- _Problem statement_: Lines to restate from the data below: from the one containing "Innen entfaltet sich" to the one containing "Hon har skrivit", both included. Give them again exactly, and only them.

Records from a dataset
=== Section Start ===

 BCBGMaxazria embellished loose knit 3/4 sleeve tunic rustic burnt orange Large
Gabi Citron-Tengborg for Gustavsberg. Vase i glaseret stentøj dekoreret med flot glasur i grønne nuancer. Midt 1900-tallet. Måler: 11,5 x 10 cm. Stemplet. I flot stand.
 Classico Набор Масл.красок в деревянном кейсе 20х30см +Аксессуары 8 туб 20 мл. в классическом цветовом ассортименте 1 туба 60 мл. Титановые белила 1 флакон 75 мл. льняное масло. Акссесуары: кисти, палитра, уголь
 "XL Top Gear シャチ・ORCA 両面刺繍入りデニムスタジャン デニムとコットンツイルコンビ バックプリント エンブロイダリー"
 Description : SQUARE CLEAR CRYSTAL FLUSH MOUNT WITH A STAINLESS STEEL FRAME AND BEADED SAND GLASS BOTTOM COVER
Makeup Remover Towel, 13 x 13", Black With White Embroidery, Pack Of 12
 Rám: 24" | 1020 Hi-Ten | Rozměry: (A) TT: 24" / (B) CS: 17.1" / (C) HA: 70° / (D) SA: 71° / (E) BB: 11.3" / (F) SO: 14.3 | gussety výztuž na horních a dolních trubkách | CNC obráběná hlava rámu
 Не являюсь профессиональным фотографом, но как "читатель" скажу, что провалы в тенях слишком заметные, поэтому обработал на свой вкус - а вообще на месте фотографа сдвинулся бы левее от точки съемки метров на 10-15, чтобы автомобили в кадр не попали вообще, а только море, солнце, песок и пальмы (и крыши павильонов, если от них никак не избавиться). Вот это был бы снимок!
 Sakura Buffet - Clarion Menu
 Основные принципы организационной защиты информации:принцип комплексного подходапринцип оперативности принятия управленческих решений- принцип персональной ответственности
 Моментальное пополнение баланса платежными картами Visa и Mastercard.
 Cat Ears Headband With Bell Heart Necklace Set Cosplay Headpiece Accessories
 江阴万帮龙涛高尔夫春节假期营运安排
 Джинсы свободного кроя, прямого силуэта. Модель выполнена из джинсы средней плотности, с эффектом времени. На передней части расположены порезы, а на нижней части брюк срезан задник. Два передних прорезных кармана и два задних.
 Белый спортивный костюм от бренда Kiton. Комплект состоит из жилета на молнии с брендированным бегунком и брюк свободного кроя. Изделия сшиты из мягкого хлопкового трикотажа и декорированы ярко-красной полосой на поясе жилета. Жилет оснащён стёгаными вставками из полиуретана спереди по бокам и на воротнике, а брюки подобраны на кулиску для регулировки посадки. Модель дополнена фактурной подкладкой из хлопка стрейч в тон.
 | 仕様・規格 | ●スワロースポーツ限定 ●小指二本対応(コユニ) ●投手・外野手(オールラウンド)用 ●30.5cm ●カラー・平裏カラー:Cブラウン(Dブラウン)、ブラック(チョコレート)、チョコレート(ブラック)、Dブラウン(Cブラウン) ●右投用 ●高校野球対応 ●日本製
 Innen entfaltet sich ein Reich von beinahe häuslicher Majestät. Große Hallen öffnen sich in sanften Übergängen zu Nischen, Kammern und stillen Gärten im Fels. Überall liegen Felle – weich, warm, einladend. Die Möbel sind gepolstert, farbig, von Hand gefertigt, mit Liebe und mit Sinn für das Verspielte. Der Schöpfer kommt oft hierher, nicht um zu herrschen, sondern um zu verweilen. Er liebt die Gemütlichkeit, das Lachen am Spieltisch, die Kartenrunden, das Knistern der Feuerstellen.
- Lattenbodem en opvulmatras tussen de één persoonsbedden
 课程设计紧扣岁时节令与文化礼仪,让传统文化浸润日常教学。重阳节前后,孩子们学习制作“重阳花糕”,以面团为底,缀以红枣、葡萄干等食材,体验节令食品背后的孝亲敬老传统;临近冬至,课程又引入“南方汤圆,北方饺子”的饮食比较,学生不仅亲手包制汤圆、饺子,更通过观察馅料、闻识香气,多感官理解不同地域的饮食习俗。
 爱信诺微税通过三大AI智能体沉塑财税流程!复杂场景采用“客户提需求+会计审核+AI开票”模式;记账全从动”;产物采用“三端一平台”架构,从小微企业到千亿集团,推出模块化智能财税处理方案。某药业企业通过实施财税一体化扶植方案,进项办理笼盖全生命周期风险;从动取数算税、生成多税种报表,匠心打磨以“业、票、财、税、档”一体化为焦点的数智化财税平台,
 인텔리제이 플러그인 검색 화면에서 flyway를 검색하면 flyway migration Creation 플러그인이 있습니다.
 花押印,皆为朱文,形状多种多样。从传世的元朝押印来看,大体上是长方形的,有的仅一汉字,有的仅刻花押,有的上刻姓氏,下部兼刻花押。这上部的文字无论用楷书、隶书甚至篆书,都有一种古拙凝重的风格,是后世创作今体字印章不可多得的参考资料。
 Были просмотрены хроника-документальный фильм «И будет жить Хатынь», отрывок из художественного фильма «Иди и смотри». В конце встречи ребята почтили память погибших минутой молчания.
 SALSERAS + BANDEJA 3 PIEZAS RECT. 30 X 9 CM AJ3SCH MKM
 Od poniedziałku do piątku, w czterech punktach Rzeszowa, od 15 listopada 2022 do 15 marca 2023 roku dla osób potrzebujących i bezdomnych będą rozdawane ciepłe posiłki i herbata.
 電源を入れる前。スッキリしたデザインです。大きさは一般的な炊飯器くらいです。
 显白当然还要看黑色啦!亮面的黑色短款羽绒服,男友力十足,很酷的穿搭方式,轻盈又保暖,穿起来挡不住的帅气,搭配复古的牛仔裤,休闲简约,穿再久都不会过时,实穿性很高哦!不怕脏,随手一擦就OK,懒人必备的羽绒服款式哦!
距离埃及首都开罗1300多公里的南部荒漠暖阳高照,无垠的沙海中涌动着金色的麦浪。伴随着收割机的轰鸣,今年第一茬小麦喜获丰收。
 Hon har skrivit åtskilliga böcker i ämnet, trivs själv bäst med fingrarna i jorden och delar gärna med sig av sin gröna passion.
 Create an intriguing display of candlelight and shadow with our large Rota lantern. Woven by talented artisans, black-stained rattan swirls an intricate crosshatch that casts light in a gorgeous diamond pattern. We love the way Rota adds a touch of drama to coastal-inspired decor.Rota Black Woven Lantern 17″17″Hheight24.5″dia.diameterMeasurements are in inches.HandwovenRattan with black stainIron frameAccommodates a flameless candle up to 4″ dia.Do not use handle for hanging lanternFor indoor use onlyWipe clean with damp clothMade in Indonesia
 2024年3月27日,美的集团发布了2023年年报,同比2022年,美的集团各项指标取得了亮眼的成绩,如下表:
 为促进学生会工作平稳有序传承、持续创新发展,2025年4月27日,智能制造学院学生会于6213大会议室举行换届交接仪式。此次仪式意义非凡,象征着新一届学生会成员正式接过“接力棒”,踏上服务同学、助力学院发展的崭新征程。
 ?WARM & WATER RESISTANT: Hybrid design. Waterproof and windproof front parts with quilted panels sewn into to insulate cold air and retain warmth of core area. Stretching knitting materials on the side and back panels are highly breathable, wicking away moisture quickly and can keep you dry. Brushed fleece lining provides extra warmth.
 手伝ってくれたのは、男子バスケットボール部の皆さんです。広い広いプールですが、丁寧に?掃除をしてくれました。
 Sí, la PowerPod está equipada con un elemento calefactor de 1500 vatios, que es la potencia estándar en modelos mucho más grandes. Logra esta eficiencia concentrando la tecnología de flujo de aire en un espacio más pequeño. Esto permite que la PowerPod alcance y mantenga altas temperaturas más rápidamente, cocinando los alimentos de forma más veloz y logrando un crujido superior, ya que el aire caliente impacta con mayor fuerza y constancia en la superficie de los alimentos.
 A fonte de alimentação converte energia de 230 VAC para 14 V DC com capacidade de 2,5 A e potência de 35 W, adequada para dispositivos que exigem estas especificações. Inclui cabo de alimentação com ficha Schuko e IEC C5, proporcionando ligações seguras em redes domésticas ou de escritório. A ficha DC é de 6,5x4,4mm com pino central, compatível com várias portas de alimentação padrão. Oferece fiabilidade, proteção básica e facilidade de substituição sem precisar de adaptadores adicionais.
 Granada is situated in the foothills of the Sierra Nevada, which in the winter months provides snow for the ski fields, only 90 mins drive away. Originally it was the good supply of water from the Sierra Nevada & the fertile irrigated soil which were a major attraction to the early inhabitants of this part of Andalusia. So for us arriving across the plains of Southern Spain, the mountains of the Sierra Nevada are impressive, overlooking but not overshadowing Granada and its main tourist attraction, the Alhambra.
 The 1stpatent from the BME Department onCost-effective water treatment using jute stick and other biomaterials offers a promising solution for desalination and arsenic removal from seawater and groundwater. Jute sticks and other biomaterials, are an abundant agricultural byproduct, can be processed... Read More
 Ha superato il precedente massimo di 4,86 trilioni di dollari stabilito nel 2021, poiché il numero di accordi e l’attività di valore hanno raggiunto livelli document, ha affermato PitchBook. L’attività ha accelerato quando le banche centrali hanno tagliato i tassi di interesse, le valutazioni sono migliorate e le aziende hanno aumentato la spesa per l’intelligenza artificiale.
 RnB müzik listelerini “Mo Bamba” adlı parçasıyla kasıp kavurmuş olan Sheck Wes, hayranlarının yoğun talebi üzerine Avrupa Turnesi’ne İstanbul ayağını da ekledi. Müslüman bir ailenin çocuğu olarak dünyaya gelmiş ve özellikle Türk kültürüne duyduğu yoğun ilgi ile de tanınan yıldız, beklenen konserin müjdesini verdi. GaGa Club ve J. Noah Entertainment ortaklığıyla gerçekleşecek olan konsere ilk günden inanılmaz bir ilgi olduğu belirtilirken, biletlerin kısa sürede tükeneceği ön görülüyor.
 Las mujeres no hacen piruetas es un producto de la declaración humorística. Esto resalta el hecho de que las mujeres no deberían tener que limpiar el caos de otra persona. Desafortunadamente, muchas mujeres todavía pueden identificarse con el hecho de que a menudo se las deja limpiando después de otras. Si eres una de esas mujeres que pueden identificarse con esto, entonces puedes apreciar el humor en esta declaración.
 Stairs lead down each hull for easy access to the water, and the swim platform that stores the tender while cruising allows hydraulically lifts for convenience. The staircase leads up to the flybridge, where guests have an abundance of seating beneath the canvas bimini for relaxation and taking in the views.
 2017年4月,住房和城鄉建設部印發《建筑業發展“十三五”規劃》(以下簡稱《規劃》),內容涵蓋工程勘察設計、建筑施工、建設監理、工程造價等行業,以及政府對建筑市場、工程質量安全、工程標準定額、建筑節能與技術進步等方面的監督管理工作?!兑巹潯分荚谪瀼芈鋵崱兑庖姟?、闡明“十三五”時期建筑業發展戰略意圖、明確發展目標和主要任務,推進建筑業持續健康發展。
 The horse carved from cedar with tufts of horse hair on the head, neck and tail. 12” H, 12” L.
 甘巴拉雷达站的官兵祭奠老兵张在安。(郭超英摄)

=== Section End ===

- _Problem solution_:
 Innen entfaltet sich ein Reich von beinahe häuslicher Majestät. Große Hallen öffnen sich in sanften Übergängen zu Nischen, Kammern und stillen Gärten im Fels. Überall liegen Felle – weich, warm, einladend. Die Möbel sind gepolstert, farbig, von Hand gefertigt, mit Liebe und mit Sinn für das Verspielte. Der Schöpfer kommt oft hierher, nicht um zu herrschen, sondern um zu verweilen. Er liebt die Gemütlichkeit, das Lachen am Spieltisch, die Kartenrunden, das Knistern der Feuerstellen.
- Lattenbodem en opvulmatras tussen de één persoonsbedden
 课程设计紧扣岁时节令与文化礼仪,让传统文化浸润日常教学。重阳节前后,孩子们学习制作“重阳花糕”,以面团为底,缀以红枣、葡萄干等食材,体验节令食品背后的孝亲敬老传统;临近冬至,课程又引入“南方汤圆,北方饺子”的饮食比较,学生不仅亲手包制汤圆、饺子,更通过观察馅料、闻识香气,多感官理解不同地域的饮食习俗。
 爱信诺微税通过三大AI智能体沉塑财税流程!复杂场景采用“客户提需求+会计审核+AI开票”模式;记账全从动”;产物采用“三端一平台”架构,从小微企业到千亿集团,推出模块化智能财税处理方案。某药业企业通过实施财税一体化扶植方案,进项办理笼盖全生命周期风险;从动取数算税、生成多税种报表,匠心打磨以“业、票、财、税、档”一体化为焦点的数智化财税平台,
 인텔리제이 플러그인 검색 화면에서 flyway를 검색하면 flyway migration Creation 플러그인이 있습니다.
 花押印,皆为朱文,形状多种多样。从传世的元朝押印来看,大体上是长方形的,有的仅一汉字,有的仅刻花押,有的上刻姓氏,下部兼刻花押。这上部的文字无论用楷书、隶书甚至篆书,都有一种古拙凝重的风格,是后世创作今体字印章不可多得的参考资料。
 Были просмотрены хроника-документальный фильм «И будет жить Хатынь», отрывок из художественного фильма «Иди и смотри». В конце встречи ребята почтили память погибших минутой молчания.
 SALSERAS + BANDEJA 3 PIEZAS RECT. 30 X 9 CM AJ3SCH MKM
 Od poniedziałku do piątku, w czterech punktach Rzeszowa, od 15 listopada 2022 do 15 marca 2023 roku dla osób potrzebujących i bezdomnych będą rozdawane ciepłe posiłki i herbata.
 電源を入れる前。スッキリしたデザインです。大きさは一般的な炊飯器くらいです。
 显白当然还要看黑色啦!亮面的黑色短款羽绒服,男友力十足,很酷的穿搭方式,轻盈又保暖,穿起来挡不住的帅气,搭配复古的牛仔裤,休闲简约,穿再久都不会过时,实穿性很高哦!不怕脏,随手一擦就OK,懒人必备的羽绒服款式哦!
距离埃及首都开罗1300多公里的南部荒漠暖阳高照,无垠的沙海中涌动着金色的麦浪。伴随着收割机的轰鸣,今年第一茬小麦喜获丰收。
 Hon har skrivit åtskilliga böcker i ämnet, trivs själv bäst med fingrarna i jorden och delar gärna med sig av sin gröna passion.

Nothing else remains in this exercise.